Leader of Green Party Northern Ireland
- Incumbent
- Assumed office 15 August 2022
- Deputy: Lesley Veronica
- Preceded by: Clare Bailey

Senator
- In office 8 April 2024 – 31 January 2025
- Constituency: Administrative Panel

Deputy leader of Green Party Northern Ireland
- In office 9 March 2019 – 15 August 2022
- Leader: Clare Bailey
- Preceded by: Tanya Jones
- Succeeded by: Lesley Veronica

Leader of the Green Party on Belfast City Council
- In office 7 May 2019 – 18 May 2023
- Leader: Clare Bailey; Himself;
- Preceded by: Georgina Milne
- Succeeded by: Brian Smyth

Member of Belfast City Council
- In office 7 May 2019 – 18 May 2023
- Preceded by: David Browne
- Succeeded by: Brónach Anglin
- Constituency: Castle

Personal details
- Born: 28 July 1979 (age 47) Belfast, Northern Ireland
- Party: Green Party
- Education: University of Central England in Birmingham

= Mal O'Hara =

Northern Irish politician (born 1979)

Malachai O'Hara (born 28 July 1979) is a Northern Irish politician, activist and community worker who has been the leader of the Green Party Northern Ireland since August 2022, having previously served as deputy leader from 2019 to 2022. O'Hara was a Belfast City Councillor for the Castle electoral area from 2019, until 2023. In 2024, he was elected unopposed to Seanad Éireann, in a by-election to the Administrative Panel.

== Early life ==
O'Hara was born in North Belfast. He attended St Malachy's College and was a classmate of John Finucane who also later entered politics. The same year the Good Friday Agreement was signed, he then attended the University of Central England in Birmingham. Before entering politics, O'Hara worked as a community worker in loyalist areas, delivered European Union peace funding programmes and managed health initiatives for the Rainbow Project, Ireland's biggest LGBT organisation. While working for the Rainbow Project, he was vice-chair of the Equal Marriage Campaign, contributing to the legalisation of same-sex marriage in Northern Ireland.

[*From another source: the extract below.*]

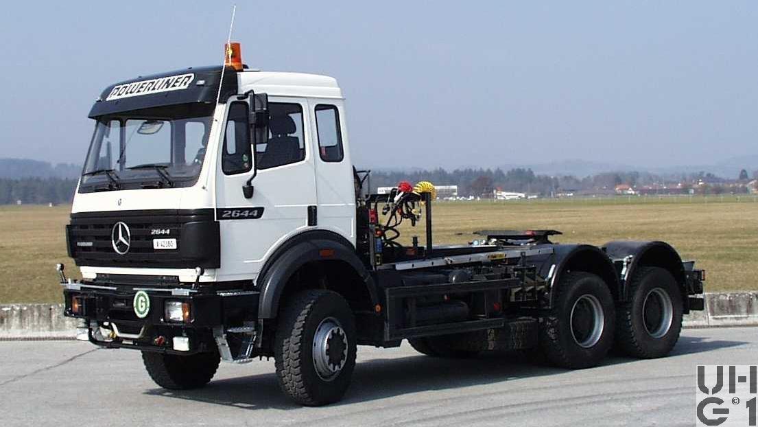 | Bemerkungen | Lieferanten Fahrgestell Mercedes Benz Schweiz AG, CH-8952 Schlieren Aufbauten Peter Fahrzeugbau AG, CH-5200 Winterthur Seilspill Fa. Rotzler, D-79577 Steinen Aufbau Wechselsystem Dautel Sattelkupplung Beschaffungen 4 Fahrzeuge Mercedes Benz 2644 6x6 7 Wechselhilfsrahmen Peter WHR CTR (MB) Containertransport 4 Wechselhilfsrahmen Peter WHR SS (MB) Sattelschlepper 4 Wechselhilfsrahmen Peter WHR Ki (MB) Kippmulde Wechselhilfsrahmen werden auch für Fahrzeuge Mercedes Benz 2638 6x6 gebraucht |

O'Hara is the founder of Alternative Queer Ulster, an evening event that brings LGBTQ people into the Northern Ireland Assembly, a place often considered "a cold house to the LGBTQ community". During the first wave of the COVID-19 pandemic, O'Hara led a group of over 70 volunteers who set up a cross community soup-kitchen to deliver over 17,000 meals to vulnerable people across North and West Belfast.

== Political career ==
O'Hara joined the Green Party in 2014.

He was the Green Party candidate for Belfast North at the 2016 Northern Ireland Assembly election, where he was eliminated on the seventh count with 796 first preference votes (2.18%).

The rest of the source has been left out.